Given information:
· · · · · · ·

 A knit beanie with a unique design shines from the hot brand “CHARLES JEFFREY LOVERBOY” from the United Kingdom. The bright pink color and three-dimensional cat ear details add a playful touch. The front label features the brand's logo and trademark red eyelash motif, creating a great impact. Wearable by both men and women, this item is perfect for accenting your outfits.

· · · · · · ·

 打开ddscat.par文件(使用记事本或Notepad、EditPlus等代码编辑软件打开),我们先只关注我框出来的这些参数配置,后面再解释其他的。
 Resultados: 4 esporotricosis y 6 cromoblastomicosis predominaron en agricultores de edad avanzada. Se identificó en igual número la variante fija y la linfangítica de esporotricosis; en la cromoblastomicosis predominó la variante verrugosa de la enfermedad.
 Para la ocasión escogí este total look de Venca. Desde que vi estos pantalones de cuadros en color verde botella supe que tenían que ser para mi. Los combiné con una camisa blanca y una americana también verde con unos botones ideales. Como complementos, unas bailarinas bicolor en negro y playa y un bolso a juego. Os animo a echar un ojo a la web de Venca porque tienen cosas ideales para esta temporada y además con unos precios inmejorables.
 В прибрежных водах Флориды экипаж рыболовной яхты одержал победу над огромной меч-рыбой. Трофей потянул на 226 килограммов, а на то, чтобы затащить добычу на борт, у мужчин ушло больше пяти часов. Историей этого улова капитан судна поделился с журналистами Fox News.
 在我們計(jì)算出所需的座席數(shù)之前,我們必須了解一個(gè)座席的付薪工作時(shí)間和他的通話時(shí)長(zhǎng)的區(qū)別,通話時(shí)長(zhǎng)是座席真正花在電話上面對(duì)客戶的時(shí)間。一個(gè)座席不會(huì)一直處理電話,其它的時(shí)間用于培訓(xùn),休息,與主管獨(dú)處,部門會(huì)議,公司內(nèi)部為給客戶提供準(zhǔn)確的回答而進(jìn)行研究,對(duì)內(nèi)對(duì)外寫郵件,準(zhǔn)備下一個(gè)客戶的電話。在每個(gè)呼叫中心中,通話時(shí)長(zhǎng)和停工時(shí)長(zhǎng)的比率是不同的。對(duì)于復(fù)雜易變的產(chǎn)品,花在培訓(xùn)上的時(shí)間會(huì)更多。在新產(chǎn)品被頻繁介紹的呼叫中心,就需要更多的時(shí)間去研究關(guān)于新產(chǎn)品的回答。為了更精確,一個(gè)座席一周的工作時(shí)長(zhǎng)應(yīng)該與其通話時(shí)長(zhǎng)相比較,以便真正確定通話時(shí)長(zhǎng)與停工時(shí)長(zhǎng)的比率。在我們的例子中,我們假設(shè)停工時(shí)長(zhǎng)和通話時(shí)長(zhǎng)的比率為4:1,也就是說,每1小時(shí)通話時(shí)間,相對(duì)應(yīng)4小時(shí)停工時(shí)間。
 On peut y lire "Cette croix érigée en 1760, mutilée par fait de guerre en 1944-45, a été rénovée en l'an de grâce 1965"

· · · · · · ·

Activity:
Transcribe the lines above between the line holding "Para la ocasión" and the line holding "В прибрежных водах", inclusive, exactly as they stand and with nothing added.

Solution for this exercise:
 Para la ocasión escogí este total look de Venca. Desde que vi estos pantalones de cuadros en color verde botella supe que tenían que ser para mi. Los combiné con una camisa blanca y una americana también verde con unos botones ideales. Como complementos, unas bailarinas bicolor en negro y playa y un bolso a juego. Os animo a echar un ojo a la web de Venca porque tienen cosas ideales para esta temporada y además con unos precios inmejorables.
 В прибрежных водах Флориды экипаж рыболовной яхты одержал победу над огромной меч-рыбой. Трофей потянул на 226 килограммов, а на то, чтобы затащить добычу на борт, у мужчин ушло больше пяти часов. Историей этого улова капитан судна поделился с журналистами Fox News.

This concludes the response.